§ What to produce
Verbatim copy, images excluded: write out each record shown below.

§ Input material
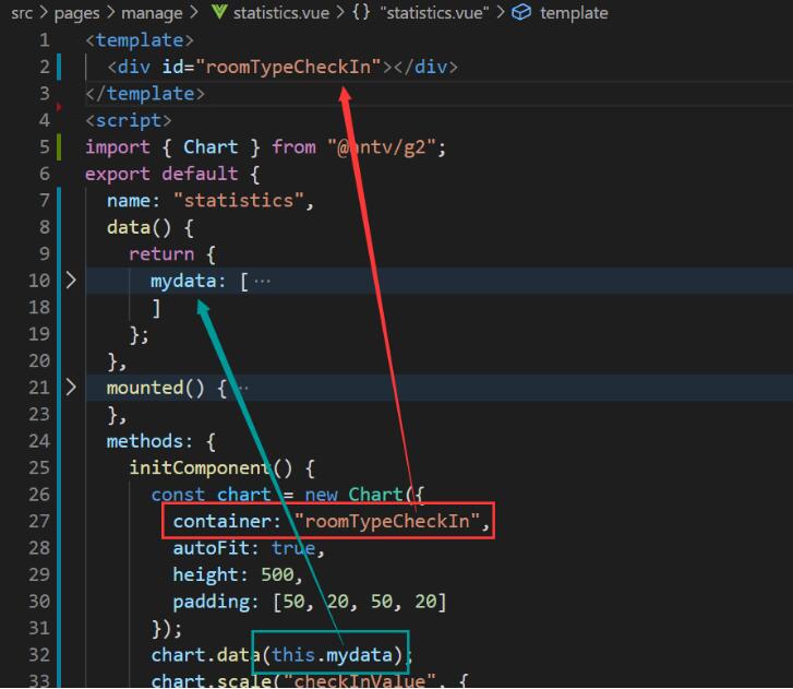 此处需要把默认的container:‘container' 修改为自己指定的容器id,渲染数据时,将data修改为this.xxx(自己定义的数据名称),不同的图修改的地方可能会不同
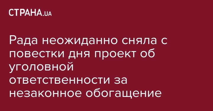 Рада неожиданно сняла с повестки дня проект об уголовной ответственности за незаконное обогащение
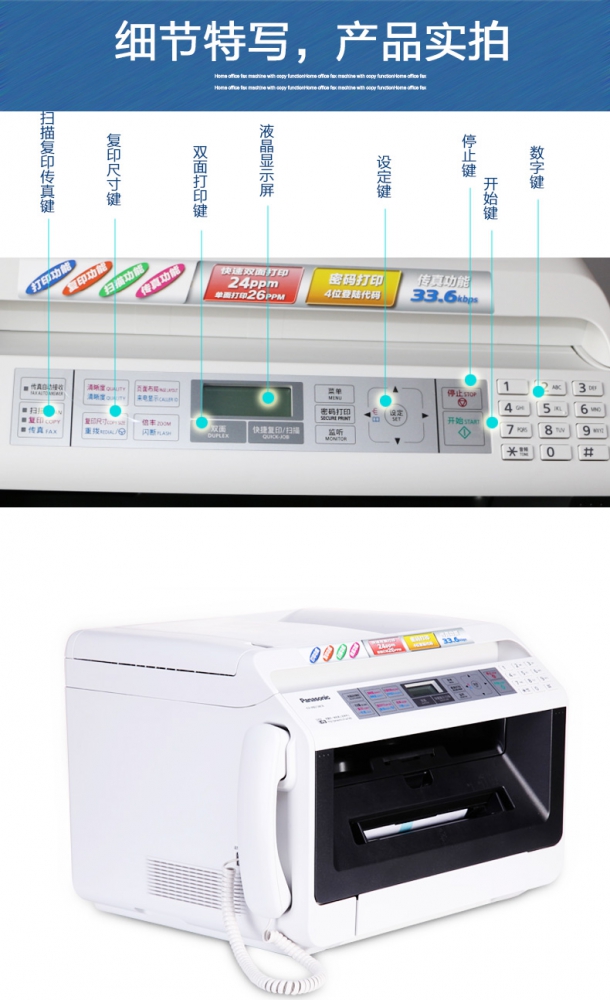 商品名称:松下KX-MB2128CN黑白激光双面打印传真机一体机
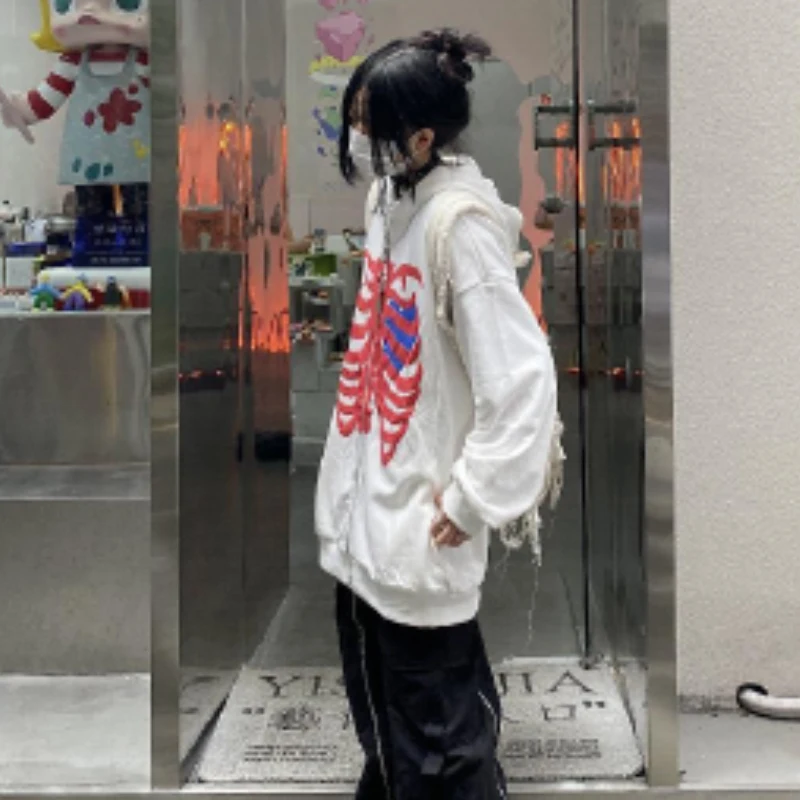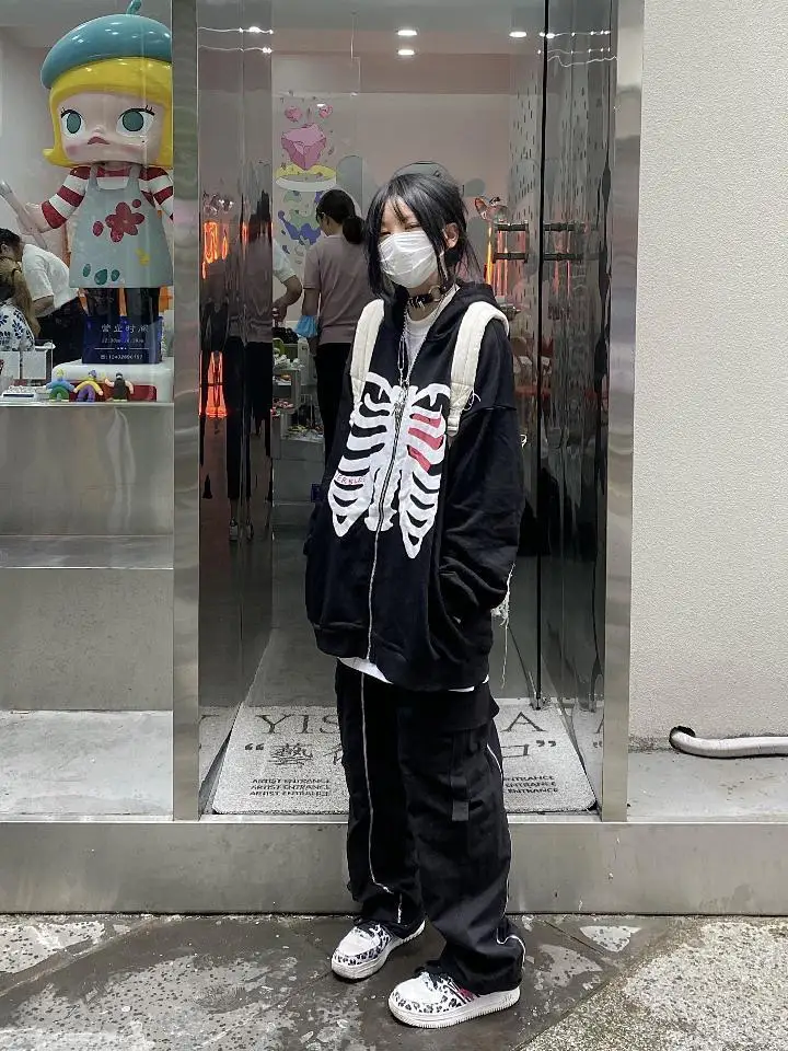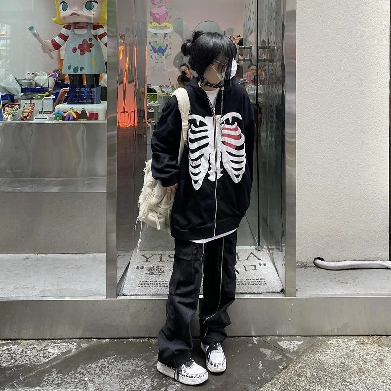 Женская толстовка в стиле Харадзюку, черная толстовка в стиле эмо с длинным рукавом и графическим принтом черепа, Свитшот в стиле панк, корейская мода, одежда в стиле АЛТ-готика, Y2k
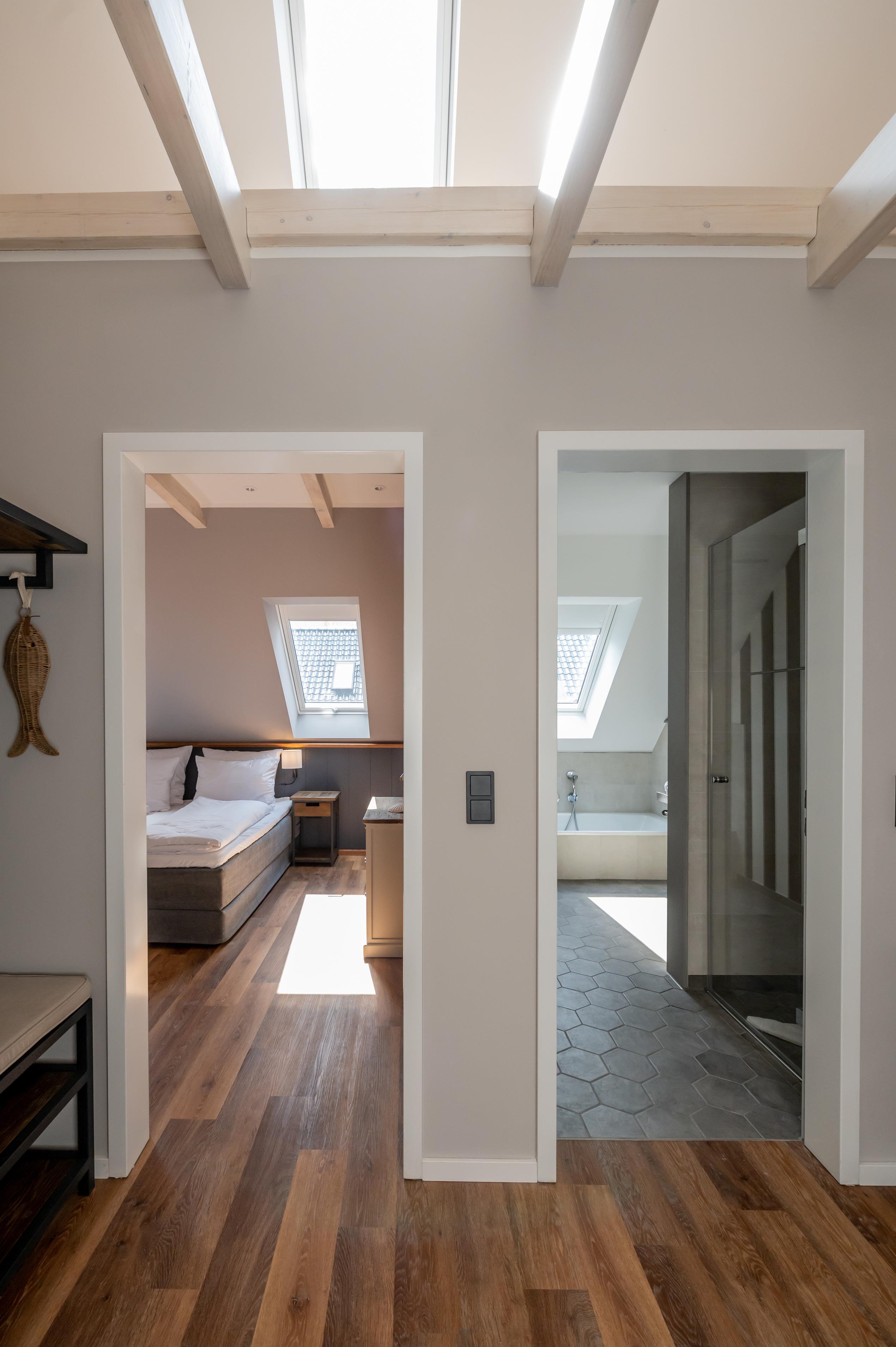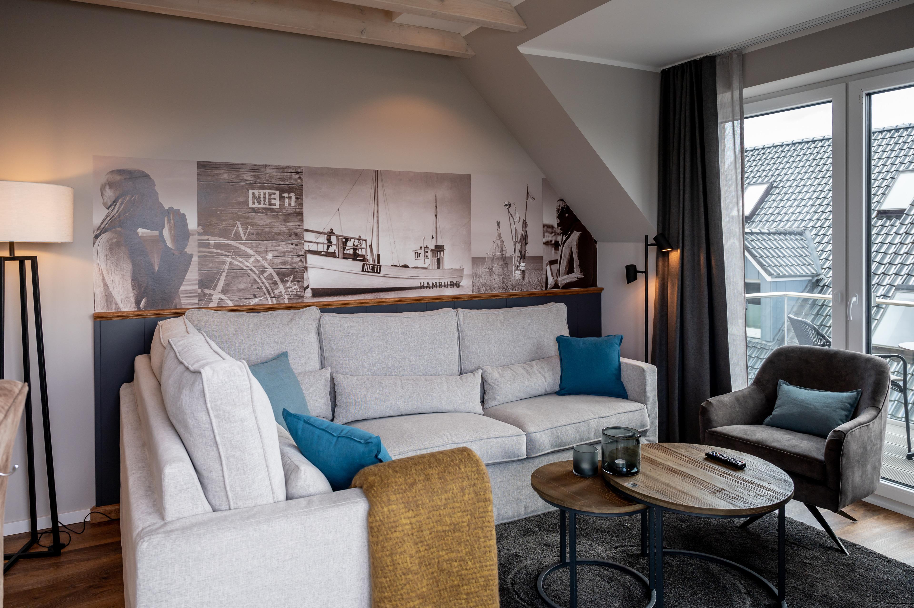 Unsere Premium-Kajüten sind ganz im Stil der Region nordisch-maritim eingerichtet und verfügen jeweils über ein separates Wohn- und Schlafzimmer. Alle unsere Kajüten sind nach Fischkuttern benannt, die früher einmal im romantischen Niendorfer Hafen beheimatet waren.
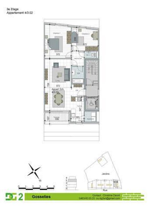 BAT 4 3e verdieping 4/3.2, 2 slaapkamers. Het project "Faubourg de Bruxelles" biedt u dit prachtige NIEUWE APPARTEMENT (2 slk / 1 badk) van 88 m² met een terras van 5 m² op het noordoosten. Gelegen op de 3e verdieping van BAT 4, bestaat het uit een inkomhal met vestiaireruimte, een lichte woonkamer van 28 m² die uitkomt op het terras, en een volledig uitgeruste open keuken met een technische ruimte/wasruimte. Een nachthal, een gastentoilet, twee slaapkamers van respectievelijk +/- 17 m² en +/- 12 m², en een badkamer (wastafel, bad). Een kelder, een ondergrondse parkeerplaats en ruime gemeenschappelijke bergruimtes voor fietsen zijn inbegrepen in de prijs. Faubourg de Bruxelles omvat 39 appartementen verdeeld over 4 tot 5 verdiepingen: van 1 slaapkamer tot 3 slaapkamers, met oppervlaktes variërend van 63 m² tot 134 m². De appartementen bieden ruime leefruimtes, uitgeruste keukens en hoogwaardige afwerkingen. Ze beschikken allemaal over tuinen van 13 m² tot 178 m² en/of prachtige terrassen van 4 m² tot 18 m². Met een EPC-certificaat van klasse A (registratierechten van 12,5% voor de grond en btw van 21% voor de bouw) vertegenwoordigt dit project een veilige investering voor elke belegger die op zoek is naar een strategische locatie en BETROUWBARE HUURINKOMSTEN.
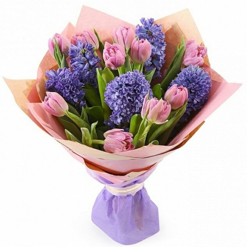 Букет состоит из 7 гиацинтов, 10 розовых тюльпанов, красивая упаковка, атласная лента.
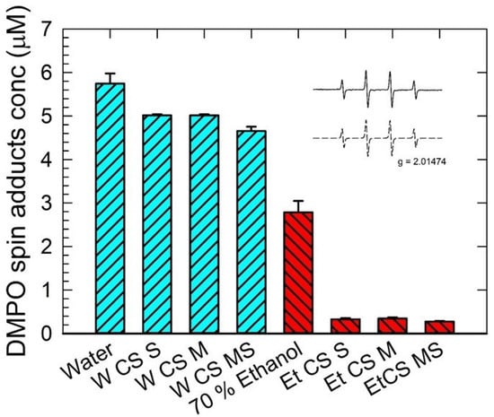 The EPR spectra monitored in CuCl2/H2O2 solutions containing DMPO spin trap reveal the four-line signal characterized by the spin-Hamiltonian parameters typical for the •DMPO-OH adduct (aN = 1.504 mT, aH = 1.484 mT; g = 2.0057; inset in Figure 2). It was found that the decrease in the •DMPO-OH concentration reflecting the radical scavenging ability of extracts was much stronger for the extracts in 70 v.% ethanol than the ones in water (Figure 2). This indicates the higher efficiency of ethanol as a solvent to extract compounds acting as the radical scavengers. A similar trend in the scavenging ability was observed for the extract series prepared in water or ethanol. It was found that the mature stage (CS-MS) extracts had the strongest radical scavenging ability in comparison to the other stages (CS-M was the weakest). The overall antioxidant activity increased with the maturity of CS, suggesting a higher production of bioactive compounds throughout the natural maturing process.
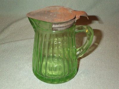 Title (ebay affiliate link): Green Depression VASELINE Glass SYRUP PITCHER w/Lid
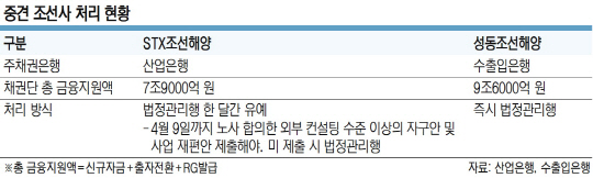 정부는 8일 성동조선해양은 ‘즉시 법정관리’ 돌입을, STX조선해양은 ‘조건부 법정관리’를 결정했다. 정부는 “두 회사 모두 정상화가 불확실하지만, 독자 생존 가능성에 차이가 있고 한꺼번에 정리될 경우 협력업체의 위기 가중 등 조선업 생태계가 붕괴할 우려가 있다”며 선별적 결정을 내린 이유를 밝혔다.
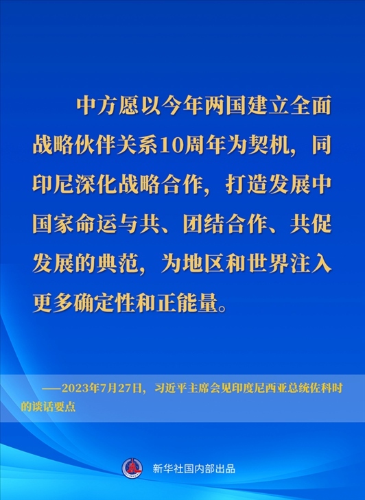 7月27日下午,國(guó)家主席習(xí)近平在成都會(huì)見(jiàn)來(lái)華出席第31屆世界大學(xué)生夏季運(yùn)動(dòng)會(huì)開(kāi)幕式并訪華的印度尼西亞總統(tǒng)佐科。一起來(lái)看習(xí)近平主席在會(huì)見(jiàn)時(shí)的談話要點(diǎn)↓
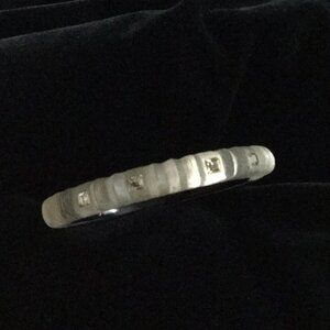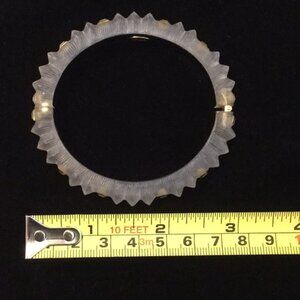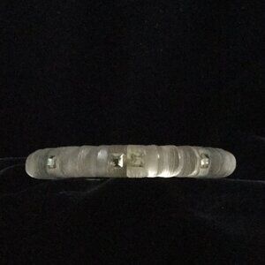 Alexis Bittar Teatro lucite hinged bracelet with dust bag. Warm gray color that seems to glow from within with six rhinestones on each side. Purchased at AB’s boutique in San Francisco. Worn just a few times. Beautiful and elegant. Great for layering. Excellent condition!

§ Response area
 此处需要把默认的container:‘container' 修改为自己指定的容器id,渲染数据时,将data修改为this.xxx(自己定义的数据名称),不同的图修改的地方可能会不同
 Рада неожиданно сняла с повестки дня проект об уголовной ответственности за незаконное обогащение
 商品名称:松下KX-MB2128CN黑白激光双面打印传真机一体机
 Женская толстовка в стиле Харадзюку, черная толстовка в стиле эмо с длинным рукавом и графическим принтом черепа, Свитшот в стиле панк, корейская мода, одежда в стиле АЛТ-готика, Y2k
 Unsere Premium-Kajüten sind ganz im Stil der Region nordisch-maritim eingerichtet und verfügen jeweils über ein separates Wohn- und Schlafzimmer. Alle unsere Kajüten sind nach Fischkuttern benannt, die früher einmal im romantischen Niendorfer Hafen beheimatet waren.
 BAT 4 3e verdieping 4/3.2, 2 slaapkamers. Het project "Faubourg de Bruxelles" biedt u dit prachtige NIEUWE APPARTEMENT (2 slk / 1 badk) van 88 m² met een terras van 5 m² op het noordoosten. Gelegen op de 3e verdieping van BAT 4, bestaat het uit een inkomhal met vestiaireruimte, een lichte woonkamer van 28 m² die uitkomt op het terras, en een volledig uitgeruste open keuken met een technische ruimte/wasruimte. Een nachthal, een gastentoilet, twee slaapkamers van respectievelijk +/- 17 m² en +/- 12 m², en een badkamer (wastafel, bad). Een kelder, een ondergrondse parkeerplaats en ruime gemeenschappelijke bergruimtes voor fietsen zijn inbegrepen in de prijs. Faubourg de Bruxelles omvat 39 appartementen verdeeld over 4 tot 5 verdiepingen: van 1 slaapkamer tot 3 slaapkamers, met oppervlaktes variërend van 63 m² tot 134 m². De appartementen bieden ruime leefruimtes, uitgeruste keukens en hoogwaardige afwerkingen. Ze beschikken allemaal over tuinen van 13 m² tot 178 m² en/of prachtige terrassen van 4 m² tot 18 m². Met een EPC-certificaat van klasse A (registratierechten van 12,5% voor de grond en btw van 21% voor de bouw) vertegenwoordigt dit project een veilige investering voor elke belegger die op zoek is naar een strategische locatie en BETROUWBARE HUURINKOMSTEN.
 Букет состоит из 7 гиацинтов, 10 розовых тюльпанов, красивая упаковка, атласная лента.
 The EPR spectra monitored in CuCl2/H2O2 solutions containing DMPO spin trap reveal the four-line signal characterized by the spin-Hamiltonian parameters typical for the •DMPO-OH adduct (aN = 1.504 mT, aH = 1.484 mT; g = 2.0057; inset in Figure 2). It was found that the decrease in the •DMPO-OH concentration reflecting the radical scavenging ability of extracts was much stronger for the extracts in 70 v.% ethanol than the ones in water (Figure 2). This indicates the higher efficiency of ethanol as a solvent to extract compounds acting as the radical scavengers. A similar trend in the scavenging ability was observed for the extract series prepared in water or ethanol. It was found that the mature stage (CS-MS) extracts had the strongest radical scavenging ability in comparison to the other stages (CS-M was the weakest). The overall antioxidant activity increased with the maturity of CS, suggesting a higher production of bioactive compounds throughout the natural maturing process.
 Title (ebay affiliate link): Green Depression VASELINE Glass SYRUP PITCHER w/Lid
 정부는 8일 성동조선해양은 ‘즉시 법정관리’ 돌입을, STX조선해양은 ‘조건부 법정관리’를 결정했다. 정부는 “두 회사 모두 정상화가 불확실하지만, 독자 생존 가능성에 차이가 있고 한꺼번에 정리될 경우 협력업체의 위기 가중 등 조선업 생태계가 붕괴할 우려가 있다”며 선별적 결정을 내린 이유를 밝혔다.
 7月27日下午,國(guó)家主席習(xí)近平在成都會(huì)見(jiàn)來(lái)華出席第31屆世界大學(xué)生夏季運(yùn)動(dòng)會(huì)開(kāi)幕式并訪華的印度尼西亞總統(tǒng)佐科。一起來(lái)看習(xí)近平主席在會(huì)見(jiàn)時(shí)的談話要點(diǎn)↓
 Alexis Bittar Teatro lucite hinged bracelet with dust bag. Warm gray color that seems to glow from within with six rhinestones on each side. Purchased at AB’s boutique in San Francisco. Worn just a few times. Beautiful and elegant. Great for layering. Excellent condition!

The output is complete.